▶ [PROMPT]
Leaving out the images, return the data below exactly as it is written.
──────── INPUT DATA
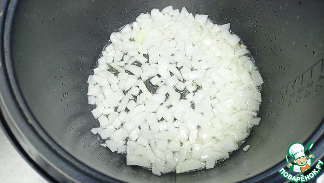 Отправляем в чашу масло и лук — Режим «Жарка» (t-160C) 10 минут (Не забываем перемешивать через 3-4 минуты).
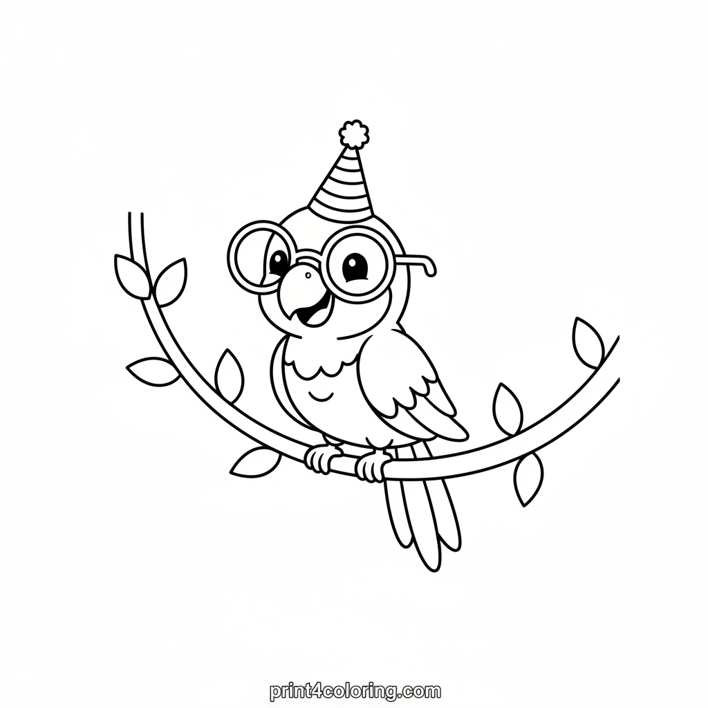 Get ready for a giggle with this hilarious parrot! Perched on a thick jungle vine, this friendly bird is sporting super silly, oversized glasses and a tiny, colorful party hat. Imagine all the bright colors you can use to bring this feathered friend to life. It's a tropical party waiting for your crayons!
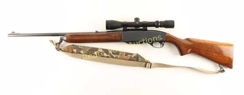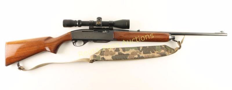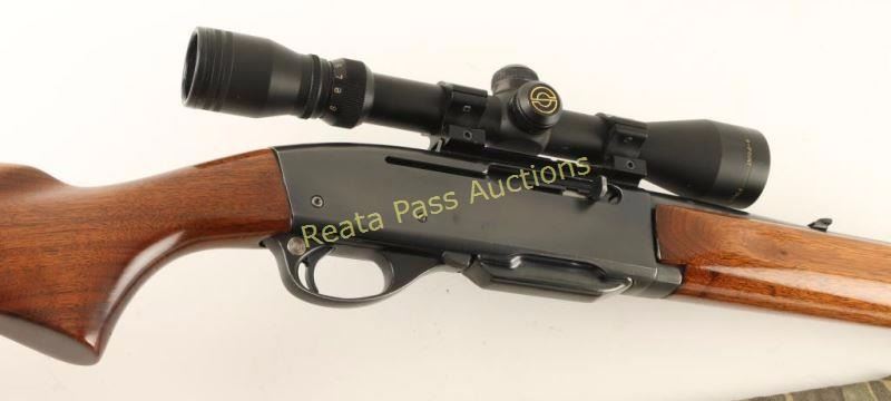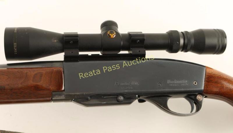 'Woodsmaster' Magazine fed semi-automatic sporting rifle chambered in .30-06 Springfield. Features a blued finish, 22" barrel, ramped blade front sight, adjustable flip-up rear sight, Simmons3x-9x 40mm scope, 4 round detachable magazine, push button safety, smooth trigger, camo sling, grooved smooth walnut forend and pistol grip shoulder stock with serrated metal buttplate. Rifle retains approximately 92% of it's original blued finish showing light wear on the underside of the receiver and few scattered light scratches. Action is crisp, bore is excellent and wood stocks are near fine. Condition is very good++. ***Modern Firearm***
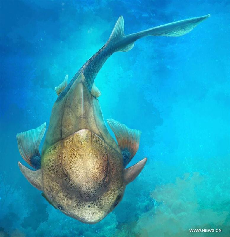 This illustration shows Qilinyu, a 423-million-year-old fish from the Kuanti Formation (late Ludlow, Silurian). Paleontologists from China and Sweden said Thursday that our jaws can be traced back to these extinct armored prehistoric fish that dominated the oceans, rivers and lakes over 400 million years ago. The findings, published in the U.S. journal Science, were based on a newly discovered fossil fish in Yunnan, southwest China, known as Qilinyu, which is part of the ancient armored fish. (Photo/Xinhua)
────────────────
▶ [YOUR SOLUTION]
 Отправляем в чашу масло и лук — Режим «Жарка» (t-160C) 10 минут (Не забываем перемешивать через 3-4 минуты).
 Get ready for a giggle with this hilarious parrot! Perched on a thick jungle vine, this friendly bird is sporting super silly, oversized glasses and a tiny, colorful party hat. Imagine all the bright colors you can use to bring this feathered friend to life. It's a tropical party waiting for your crayons!
 'Woodsmaster' Magazine fed semi-automatic sporting rifle chambered in .30-06 Springfield. Features a blued finish, 22" barrel, ramped blade front sight, adjustable flip-up rear sight, Simmons3x-9x 40mm scope, 4 round detachable magazine, push button safety, smooth trigger, camo sling, grooved smooth walnut forend and pistol grip shoulder stock with serrated metal buttplate. Rifle retains approximately 92% of it's original blued finish showing light wear on the underside of the receiver and few scattered light scratches. Action is crisp, bore is excellent and wood stocks are near fine. Condition is very good++. ***Modern Firearm***
 This illustration shows Qilinyu, a 423-million-year-old fish from the Kuanti Formation (late Ludlow, Silurian). Paleontologists from China and Sweden said Thursday that our jaws can be traced back to these extinct armored prehistoric fish that dominated the oceans, rivers and lakes over 400 million years ago. The findings, published in the U.S. journal Science, were based on a newly discovered fossil fish in Yunnan, southwest China, known as Qilinyu, which is part of the ancient armored fish. (Photo/Xinhua)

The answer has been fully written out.